## WHAT YOU ARE ASKED TO DO
Output exactly the lines that come between the start of the material and the line containing "2W08z30 Japanese Kimono", both ends included, with the pictures omitted.

## DATA TO USE
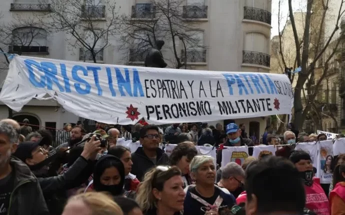 Manifestantes derribaron el vallado montado por la Policía de la Ciudad en la esquina de Juncal y Uruguay, frente a la residencia de la vicepresidenta, Cristina Kirchner, tras lo cual la fuerza de seguridad reprimió con gases lacrimógenos y carros hidrantes para intentar disuadir.
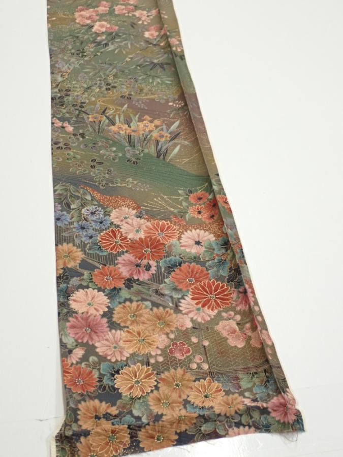 2W08z30 Japanese Kimono Silk FABRIC Flowers Dark olive 55.5x7.3
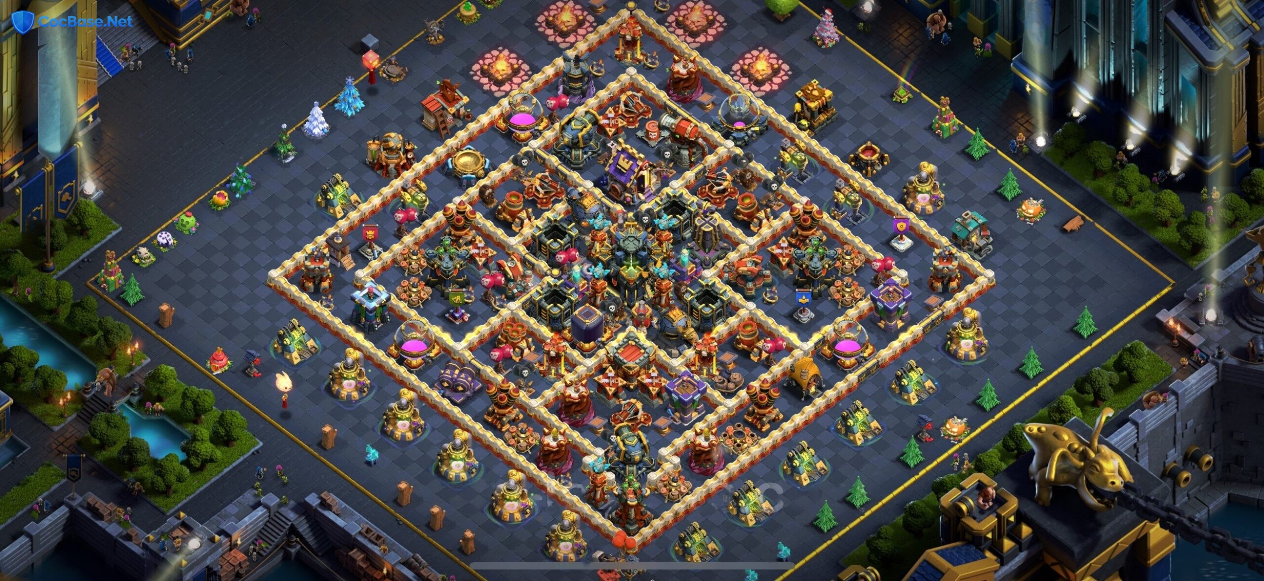 Town Hall 17 players seeking to maximize their defensive capabilities will find this expertly crafted Defense base layout to be a game-changer in protecting their village from would-be attackers. By incorporating a unique blend of traps and defensive buildings, it creates a formidable barrier that even the most seasoned opponents will struggle to breach. This base is specifically designed to safeguard resources and trophies in the highly competitive world of Clash of Clans.
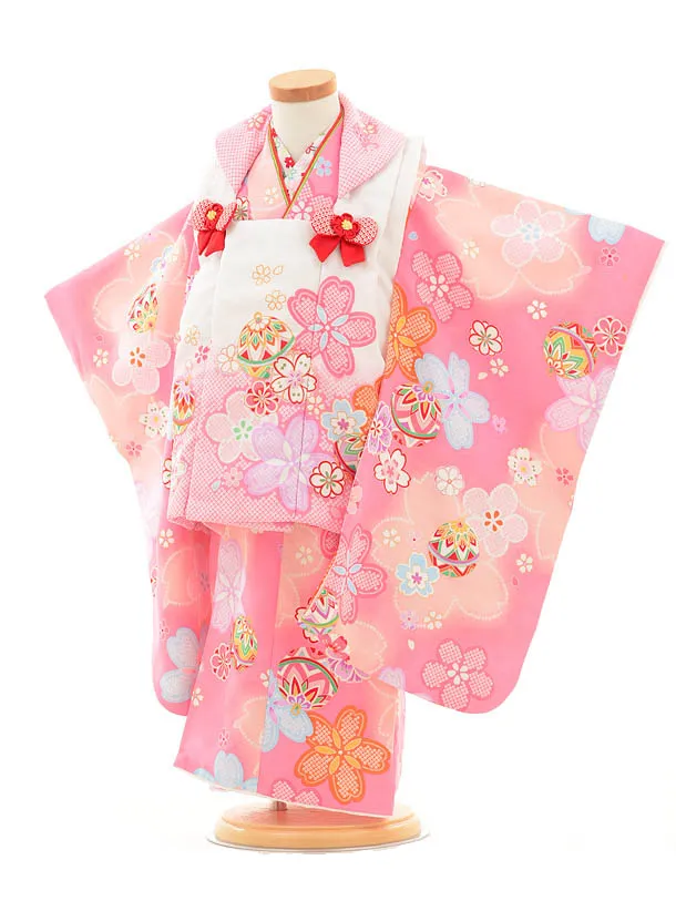 七五三レンタル(3歳女の子被布)3199白ピンクぼかし×ピ
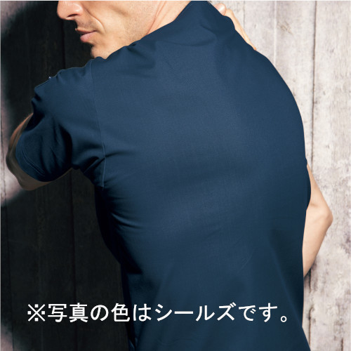 襟元と袖はイエローのアクセントを効かせたオシャレなリブ仕様にすることで、ディッキーズらしいカジュアルなデザインのスクラブにしました。
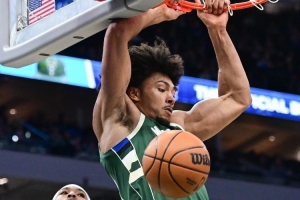 加盟雄鹿后,希姆斯出戰(zhàn)了14場(chǎng)比賽,場(chǎng)均15分鐘得到2.4分4.9籃板0.8助攻。
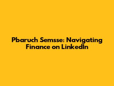 Hey guys! Let's dive into the world of Pbaruch Semsse and his presence on LinkedIn. This is all about exploring his expertise in finance, the value he brings to the platform, and how you can learn from his insights. We're going to break down his profile, the kind of content he shares, and how he's making a splash in the financial community. This is going to be super interesting, especially if you're looking to level up your understanding of finance or just want to see how the pros do it. LinkedIn is a goldmine for connecting with experts, and Pbaruch Semsse seems to be one of the shining stars. So, let's jump in and see what makes his profile so compelling and how he's using the platform to share his knowledge and build connections. We'll look at the strategies he employs, the kind of engagement he fosters, and how you can apply some of these tactics to your own LinkedIn journey. It's all about learning from the best and getting inspired, right? Get ready to take notes, because there's a lot of valuable stuff to unpack here. The goal is to provide a comprehensive look at how Pbaruch Semsse is leveraging LinkedIn to share his expertise and connect with others in the finance world. Let's see how he does it! Understanding how finance professionals use social media can provide insights into best practices for career advancement, networking, and staying current with industry trends. This analysis will not only explore Pbaruch Semsse's activities on LinkedIn but also highlight the broader significance of professional networking in the finance sector. Are you excited? I know I am!
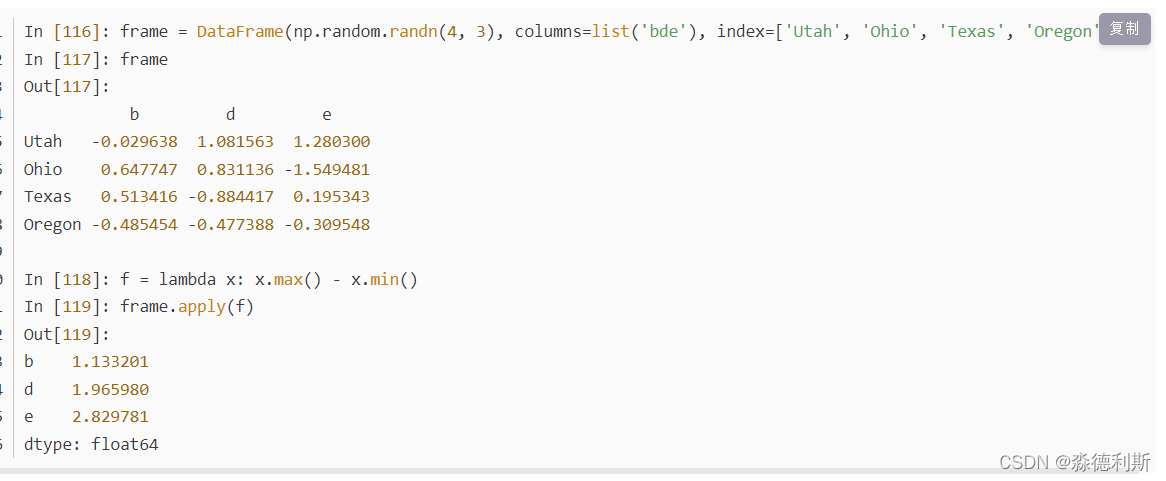 1.apply()是一种让函数作用于DataFrame中行或列的操作。
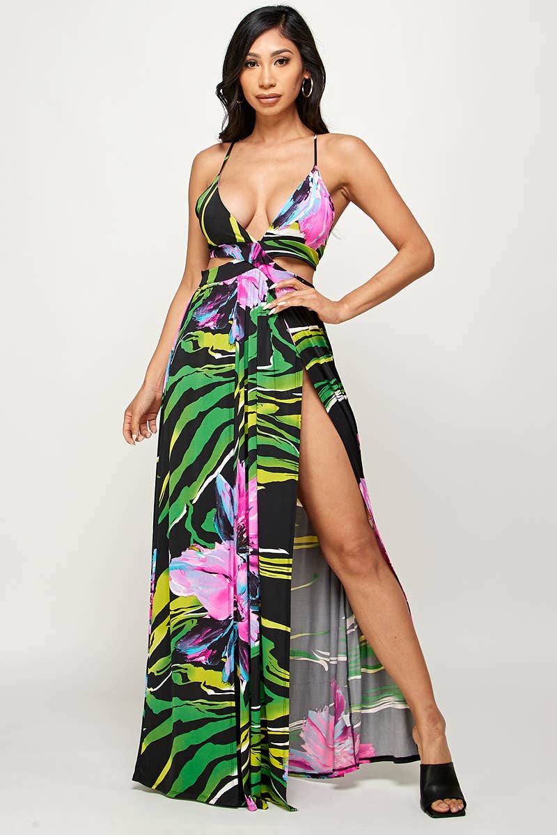 💞 Maxi-Kleid mit mehrfarbigem Druck 💗
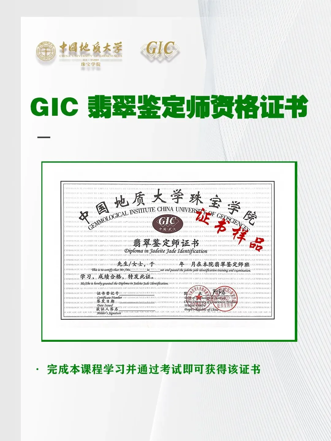 学习期满经考试合格者,能获得由中国地质大学(武汉)珠宝学院统一颁发的"GIC翡翠鉴定师证书"。
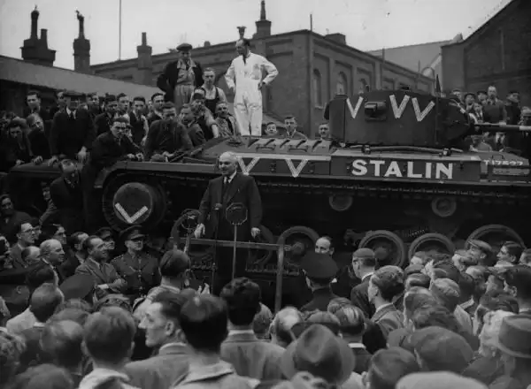 Фотография сделана 22 сентября 1941 года, когда на танковом заводе Birmingham Railway Carriage and Wagon Co. состоялся торжественный митинг, на который был приглашен советский посол Иван Майский. На фотографии «Валентайн» модификации Mk.II.
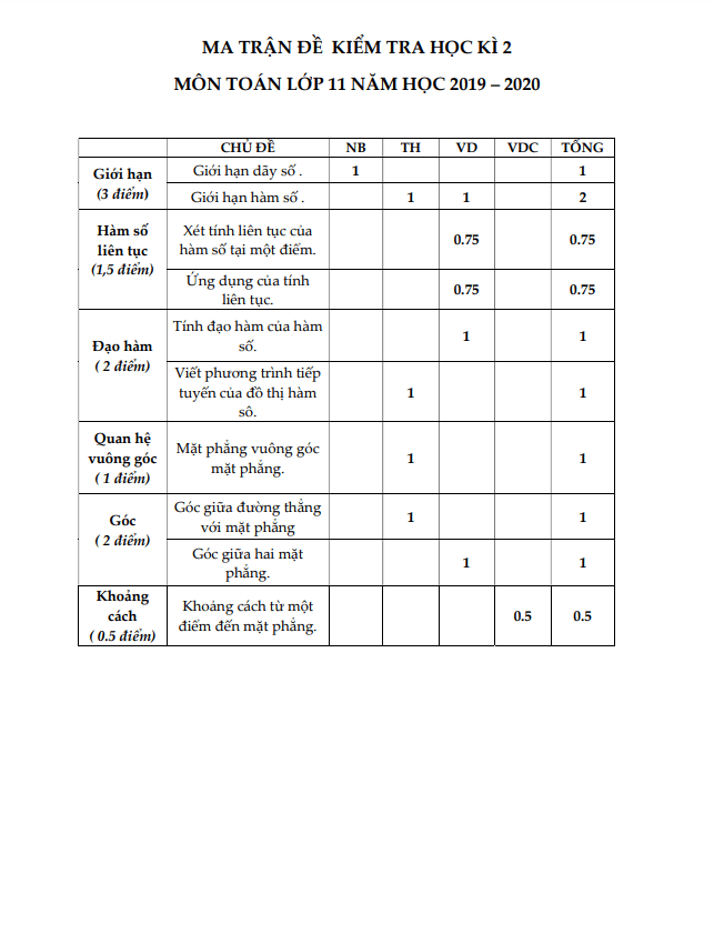 Đề thi học kì 2 Toán lớp 11 năm 2019-2020 trường THPT Mạc Đĩnh Chi TP.HCM
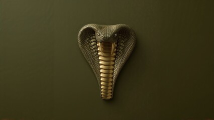 Metallic king cobra head sculpture against olive green background
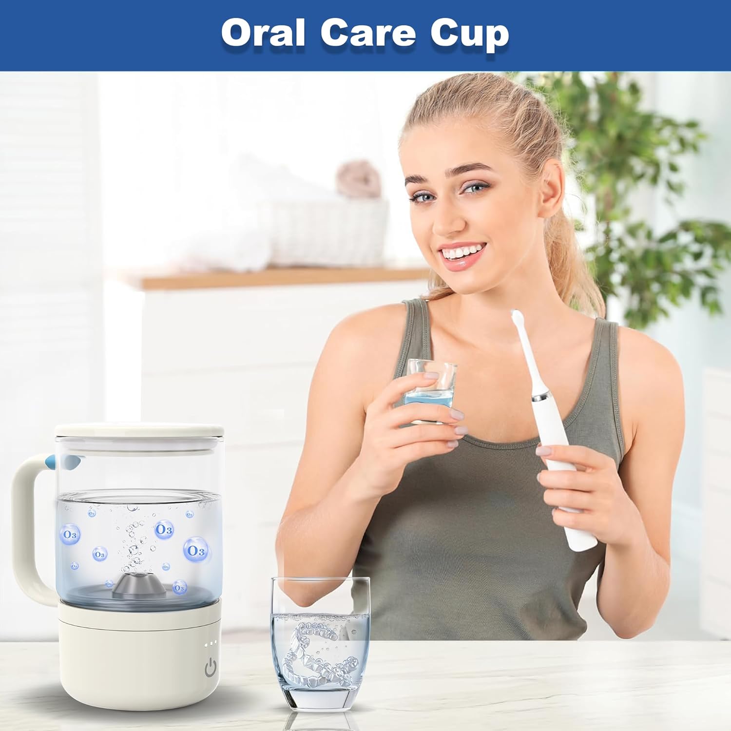Ozone Water Cup ,Portable Rechargeable O3 Generator – Glass Mouthwash Cup for Brushing Teeth, Fresh Oxygen Hydrogen Water Purifier, Multi-Purpose Hygiene Tool
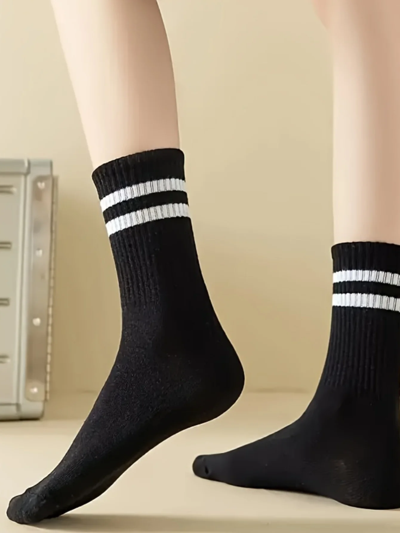 【Hot Recommendation】10/20 Pack Two-Striped Sports Mid-Calf Socks, Uni, Breathable and Non-Stuffy, a Must-Have for Students, Suitable for All Seasons, Casual Socks
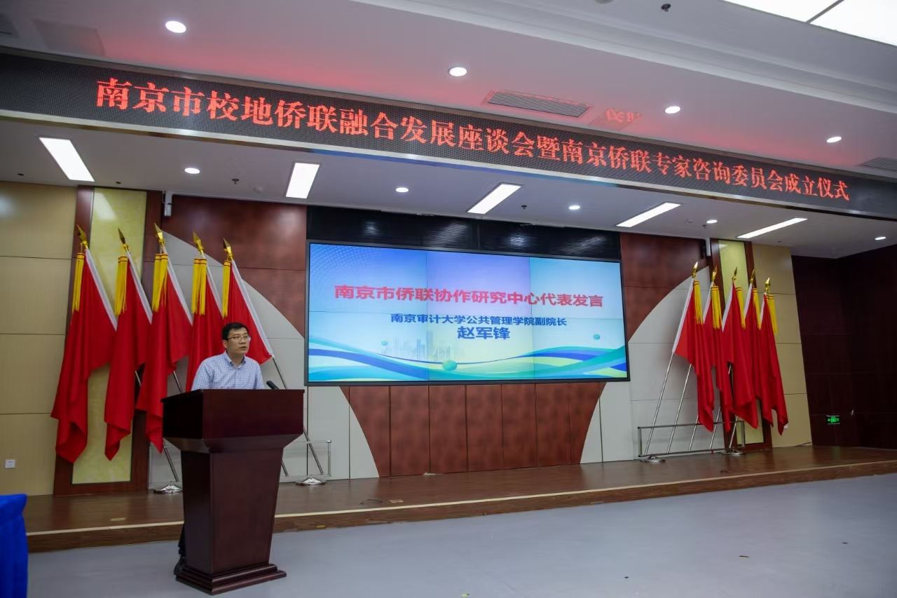 5月23日,公共管理学院副院长赵军锋教授应邀参加南京市侨联举办的校地侨联融合发展座谈会。此次会议不仅见证了南京侨联专家咨询委员会的正式成立,更标志着电影天堂 公共管理学院与南京市侨联在深化合作方面取得了重要进展 ——双方共同宣布成立“国家安全与公共治理协作研究中心”,该中心将致力于整合三方资源,共同推动国家安全与公共治理领域的研究与实践,为侨联、江北新区和南京市的高质量发展提供有力支持。
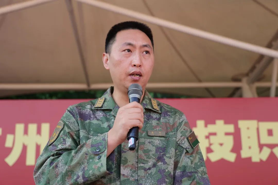 廣州市增城區(qū)人民武裝部軍訓團團長唐華和謝偉超代表發(fā)言。他們在發(fā)言中一致表揚了同學們在軍訓時的優(yōu)異表現(xiàn)。認為同學們提高了思想政治覺悟,激發(fā)出了高漲的愛國熱情和革命英雄主義精神,樹立了國防意識和國家安全意識,增強了集體觀念和組織紀律觀念,培養(yǎng)了艱苦奮斗、吃苦耐勞的優(yōu)良作風。
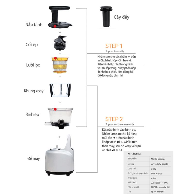Máy ép chậm hiệu Kuvings NS-120CBM2 dung tích 400ml nhập khẩu từ Hàn Quốc có thiết kế nhỏ gọn, nhiều màu sắc trẻ trung, sang trọng, hiện đại và an toàn luôn luôn có mặt trong mọi không gian nhà bếp. Bên cạnh đó, với cấu tạo từ linh kiện cao cấp và nhựa thân thiện môi trường, cứng cáp, bền bỉ và chịu nhiệt tốt giữ máy ép trái cây tốc độ chậm lâu phai màu, không mau dơ với độ bền cao theo thời gian sử dụng. Ngoài ra, máy ép trái cây tốc độ chậm Kuvings có sách hướng dẫn công thức làm các loại Nước ép, Soup, Mojito, Cocktails, Sinh tố và Kem hoa quả, dụng cụ vệ sinh (chổi xoay và bàn chải), ca đựng nước ép và ca đựng bã ép kèm theo sản phẩm tiện lợi phục vụ những ly nước ép với hương vị phong phú hơn, màu sắc tươi hơn và giữ được toàn bộ dinh dưỡng của trái cây và rau củ quả mà không bị tách nước nhanh cho gia đình bạn.
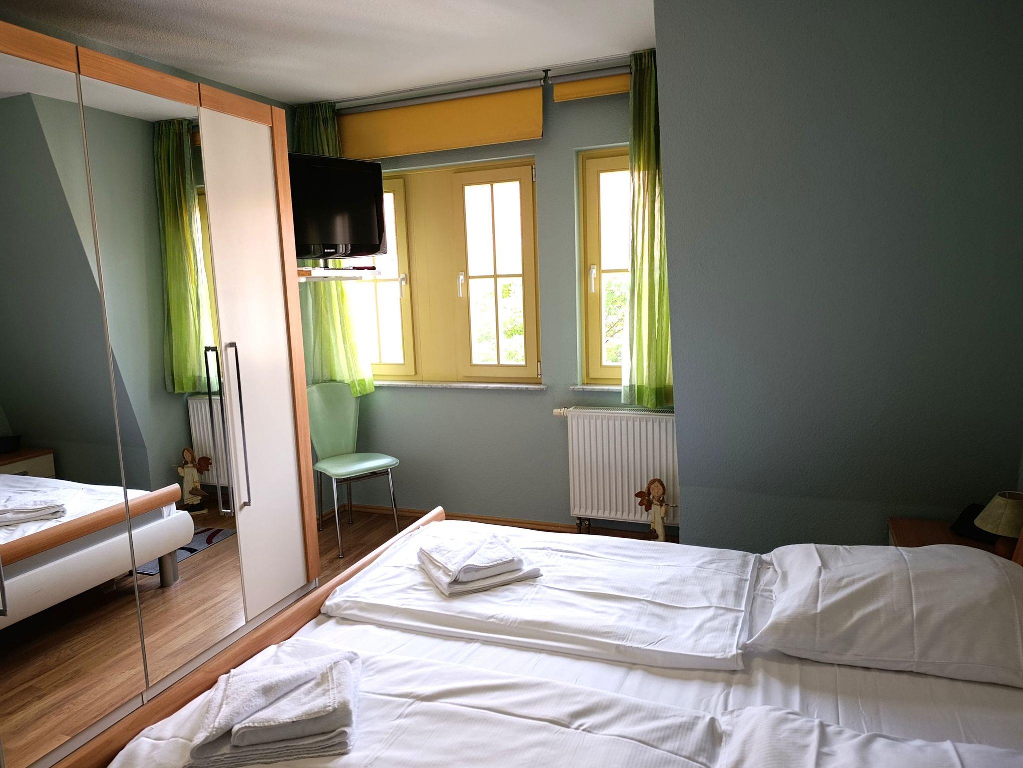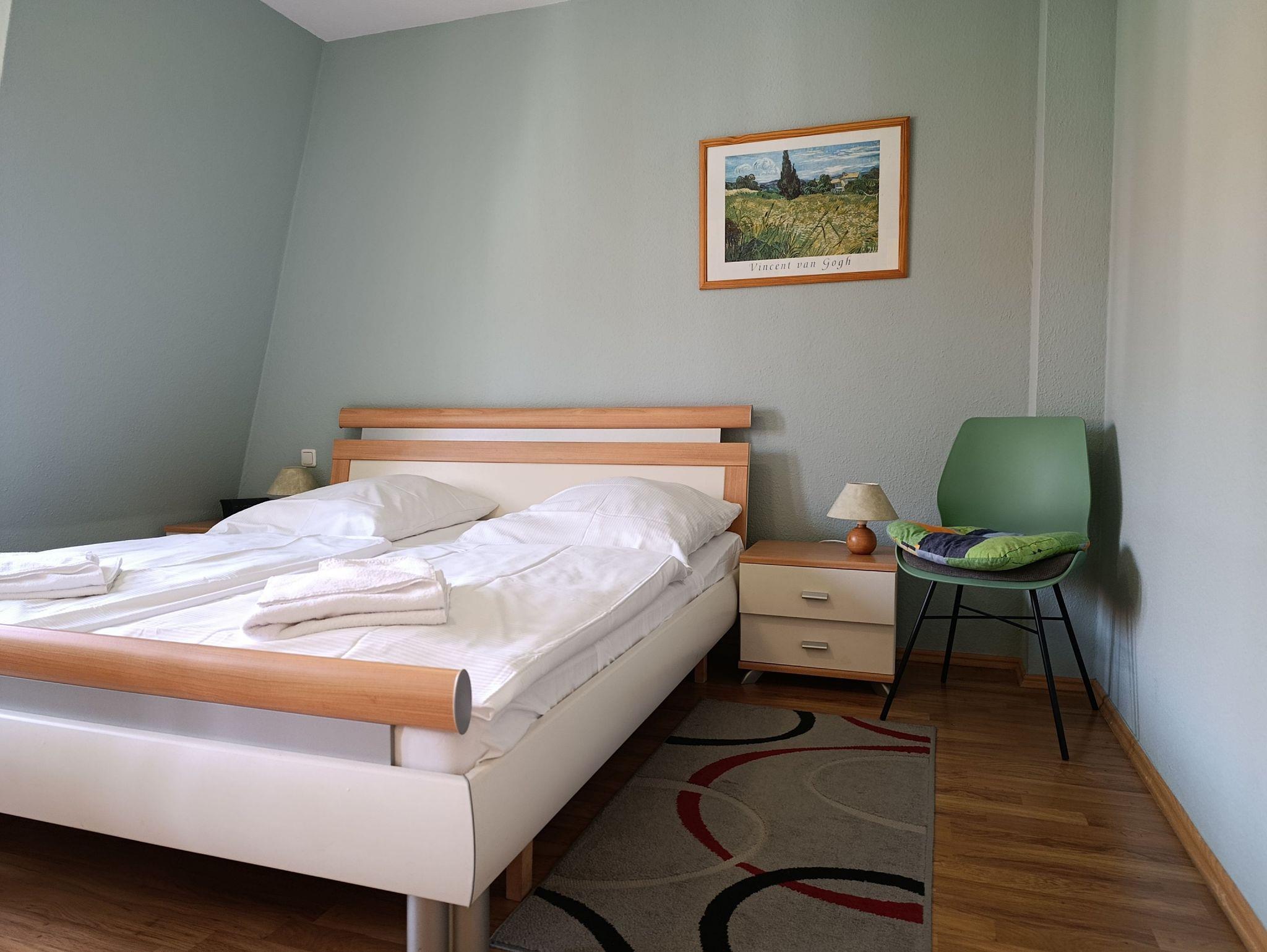 Schlafzimmer mit Doppelbett und Kleiderschrank

## TASK ANSWER
 Manifestantes derribaron el vallado montado por la Policía de la Ciudad en la esquina de Juncal y Uruguay, frente a la residencia de la vicepresidenta, Cristina Kirchner, tras lo cual la fuerza de seguridad reprimió con gases lacrimógenos y carros hidrantes para intentar disuadir.
 2W08z30 Japanese Kimono Silk FABRIC Flowers Dark olive 55.5x7.3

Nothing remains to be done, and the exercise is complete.